What to write about on a day like today? Politics? Music? The effects of singing ballads to your house plants? The weather??
Yes. The weather.
(This is totally what my life felt like today)
I work at a hospital in a department that is tied directly to the operating room. As a result of today's weather and all the accidents and trees flying around we had an abnormally large amount of emergent cases which resulted in me not having a spare minute to even breathe. Not one. I didn't have time to eat my breakfast. I didn't have time to fill up my water bottle or sit at my desk to stretch my legs. I didn't have time to take 5 minutes and have one of those little chats with my coworkers that means nothing and yet everything. All day long people were making demands of me, their stress coming out in the way they communicated. "We need this ASAP!" "So and so didn't do this, so we need you to." "I don't care how you get it, just get it." "Send this up now!" Everything is an emergency in the OR. Everything. Run, run, RUN!
But I don't like running. Not like that. I'm a soul that needs to do things at my own pace, on my own time. That is not to say that I am not fast or efficient, because I'm a damn good worker, but days that are as fast-paced and stressful as today don't jive well with me. I left work feeling defeated, tired, ornery and completely worn.

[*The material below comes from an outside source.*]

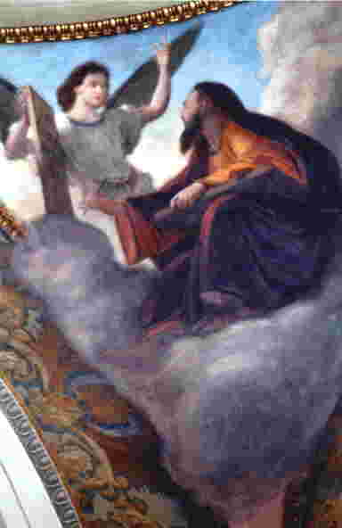 raffigurato con un angelo che porta un libro prezioso. Il suo racconto comincia

Now, five hours later, I sit at this computer thinking back on my day and about my crumby job and how much I hate it and the awful weather and guess what emotion I am feeling the most? Guess??
Deep, intense gratitude.
I am grateful for the one scrub tech in the OR that said "thank you."
I am grateful for the OR director who took the time to tell me what a great job I do.
I am grateful for the little leaves that, with the help of the insane wind today, found their way into the hospital, reminding me that there is life out there and inside me.
I am grateful for the friend who sent a text to check up on me and make sure I was biding the weather well.
I am grateful for my coworkers with whom I can exchange laughter throughout the day, keeping my heart light.
I am grateful that I am not one of the many people who needed emergency surgery today.
I am grateful that, when I got home after work, I found that the beautiful willow tree in the courtyard (my very, very favorite) was still standing.
I am grateful to have people in my life that I feel connected to and with whom I can share my stories.
I am grateful that I have friends who, at a moment's notice, let me come stay at their house because my heat and power are out for a couple of days.
I am grateful for love. For deep, real, soul to soul love. For friends with which to share that love. For hugs, kisses and hands to hold. For "I love you"s. For hearts that understand the things I have no words for. For souls that can feel the depth of my own and let me feel theirs in return.